▶ _WORK ORDER_: Your answer must consist solely of the lines from the one containing "ہندوستان ميں قبائلی" through the last line of the records below, reproduced exactly, with all pictures omitted.

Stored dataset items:
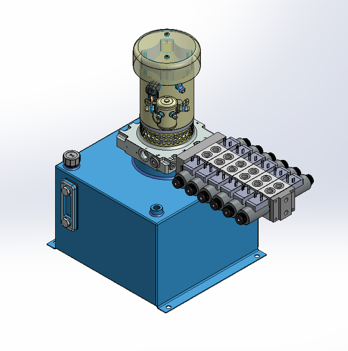 THIS HYDRAULIC POWER UNIT OPERATES WITH A 2000 W FAN ASSISTED MOTOR AT 24 V DC. DESIGNED FOR 250 BAR AND 4.0 L/MIN. INCLUDES 18 L VERTICAL TANK AND PMC 30 VALVE INTERFACE. 6 VALVES. BRAND: PRIMEHYD.
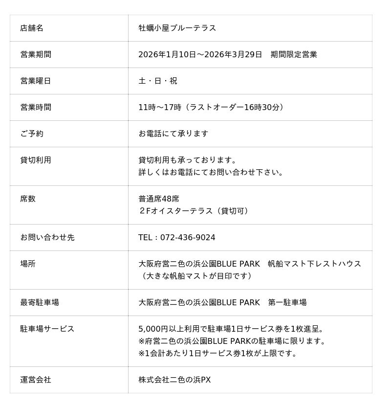 大阪府営二色の浜公園 BLUE PARK(店舗運営:株式会社二色の浜PX)は、二色の浜公園 帆船マスト下レストハウスにて、期間限定の牡蠣小屋をオープンいたします。
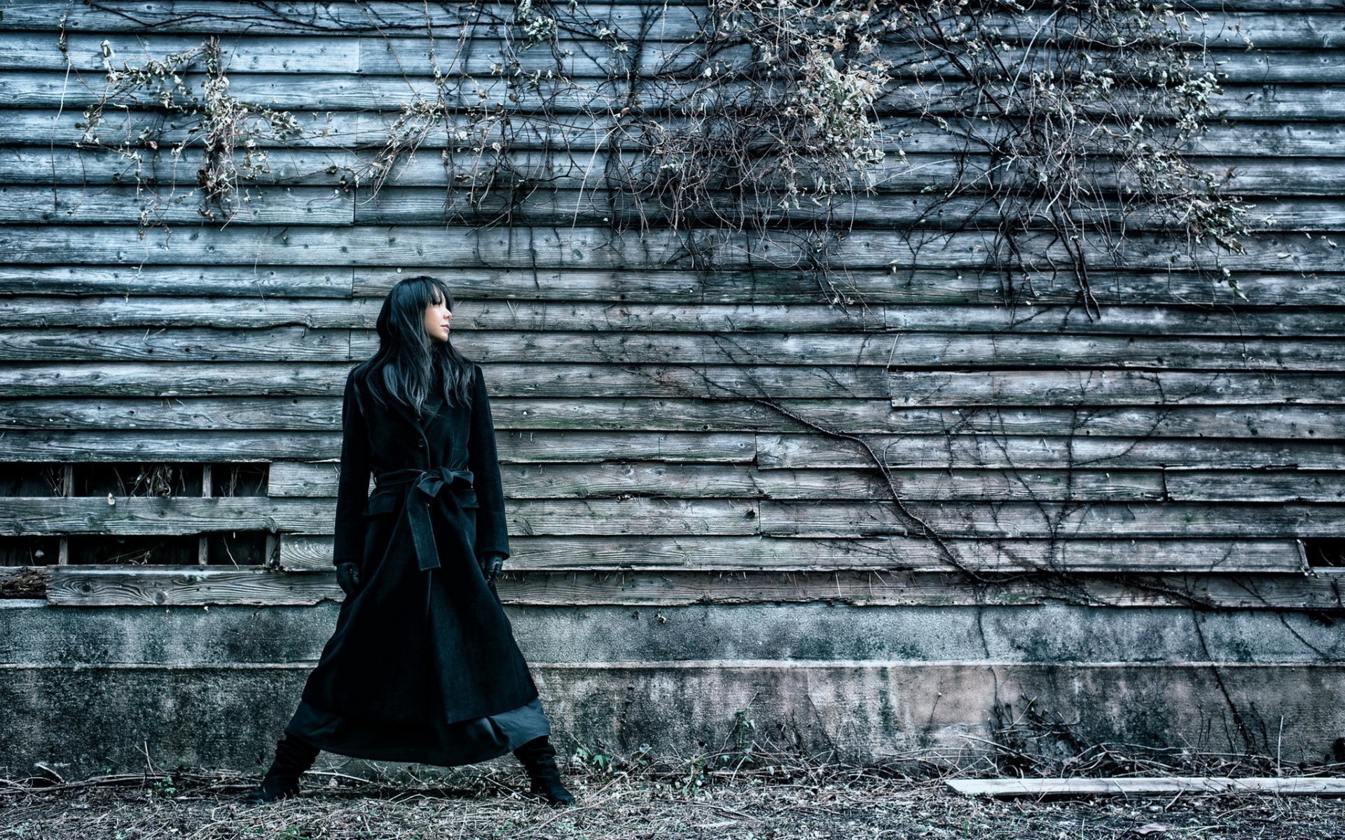 Menina em uma capa de chuva no fundo de um velho celeiro
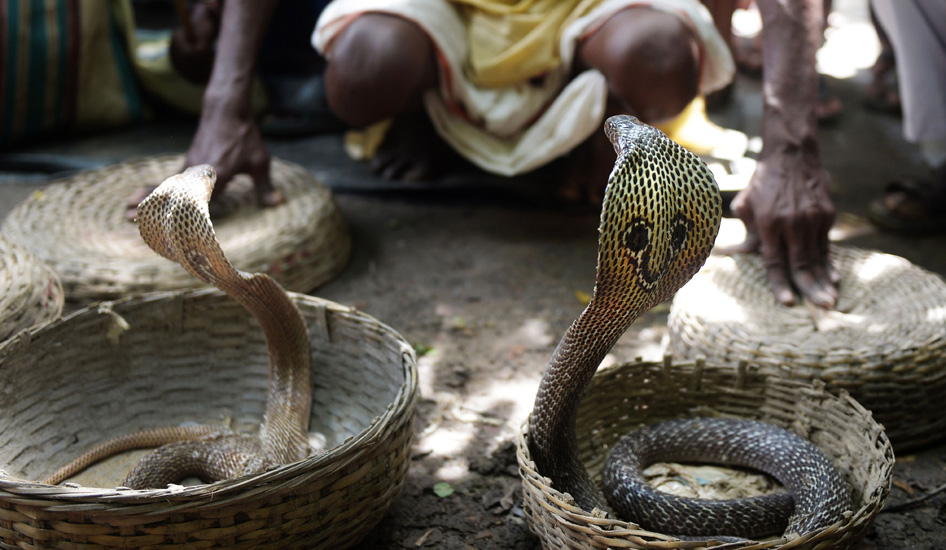 ہندوستان ميں قبائلی سانپوں کے زہر سے علاج  کرنے کا  سو سالہ جشن منا رہے ہیں، سائنس اور ٹیکنالوجی کے اس دور میں جہاں لوگ جدید طرز کے علاج کو ترجیح دیتے ہیں وہیں ہندوستانی ریاست جھاڑکھنڈ کے شہر جمشید پور میں لوگ اب تک  ہندوستانی قبائیلیوں سے سانپوں کے زہر کی مدد سے علاج کرانے میں دلچسپی رکھتے ہیں۔ تصاویر: اے ایف پی
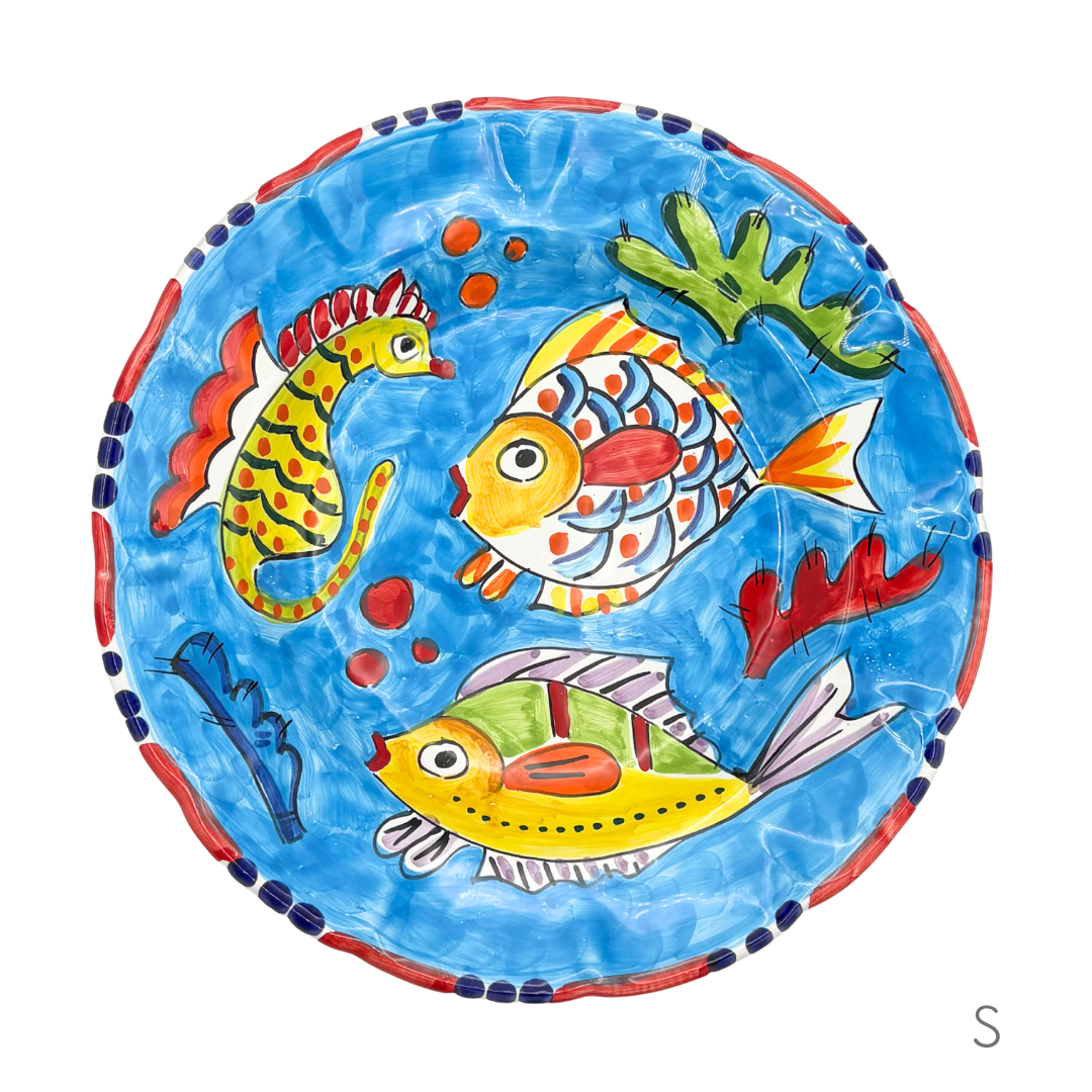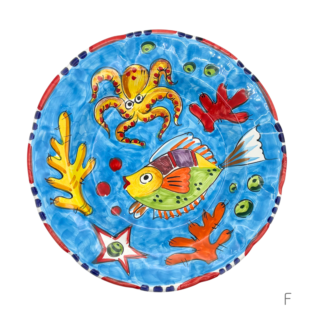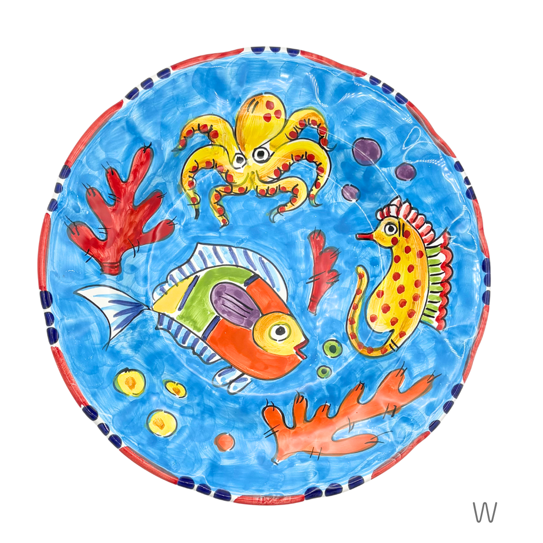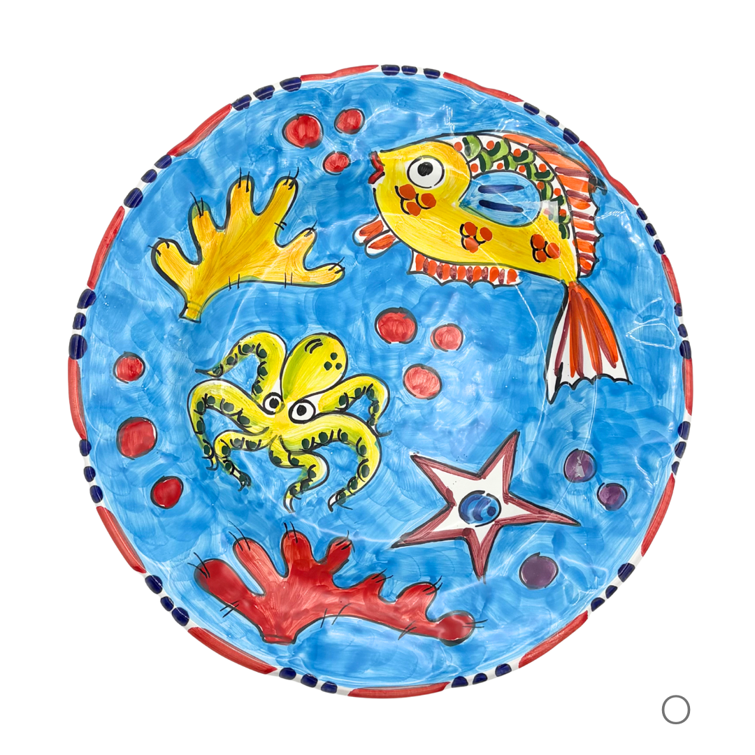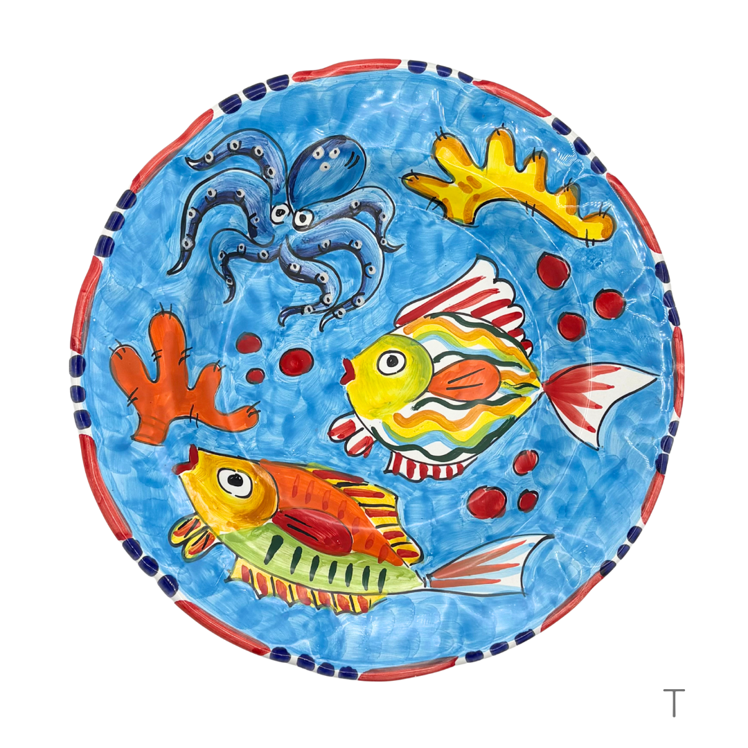 可愛らしい表情の魚やタコが描かれた、パスタやカレー、シチューなどにぴったりのお皿です。
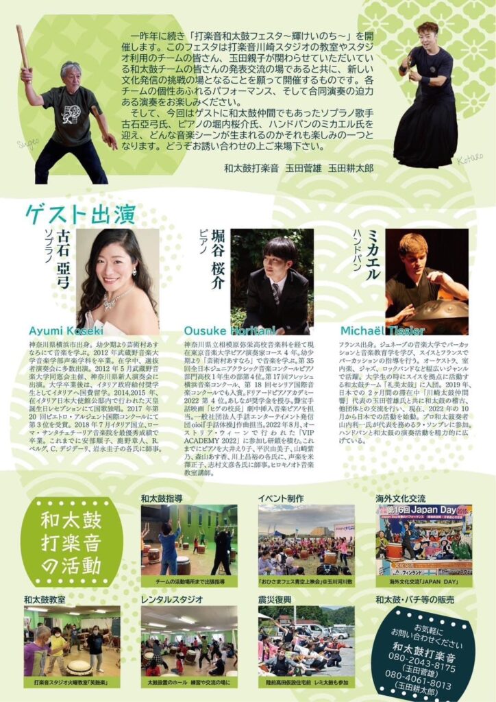古石亞弓が在籍した川崎太鼓仲間響の代表が運営する「打楽音」と多くの太鼓集団が打ち鳴らすフェスタに、ゲストとして出演した。
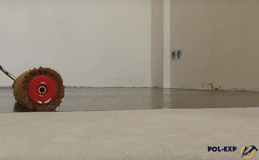 - Распределение смеси по полу, прокатывание игольчатым валиком.
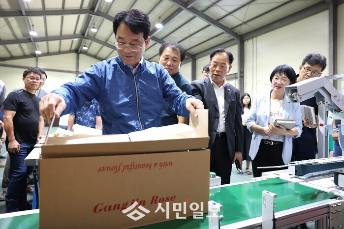 | ▲ 강진원 강진군수가 장미 직거래용 포장박스 자동화 시스템을 이용한 ‘제함기’ 시연을 하고 있다. / 강진군 제공 |

▶ _THE ANSWER_:
 ہندوستان ميں قبائلی سانپوں کے زہر سے علاج  کرنے کا  سو سالہ جشن منا رہے ہیں، سائنس اور ٹیکنالوجی کے اس دور میں جہاں لوگ جدید طرز کے علاج کو ترجیح دیتے ہیں وہیں ہندوستانی ریاست جھاڑکھنڈ کے شہر جمشید پور میں لوگ اب تک  ہندوستانی قبائیلیوں سے سانپوں کے زہر کی مدد سے علاج کرانے میں دلچسپی رکھتے ہیں۔ تصاویر: اے ایف پی
 可愛らしい表情の魚やタコが描かれた、パスタやカレー、シチューなどにぴったりのお皿です。
古石亞弓が在籍した川崎太鼓仲間響の代表が運営する「打楽音」と多くの太鼓集団が打ち鳴らすフェスタに、ゲストとして出演した。
 - Распределение смеси по полу, прокатывание игольчатым валиком.
 | ▲ 강진원 강진군수가 장미 직거래용 포장박스 자동화 시스템을 이용한 ‘제함기’ 시연을 하고 있다. / 강진군 제공 |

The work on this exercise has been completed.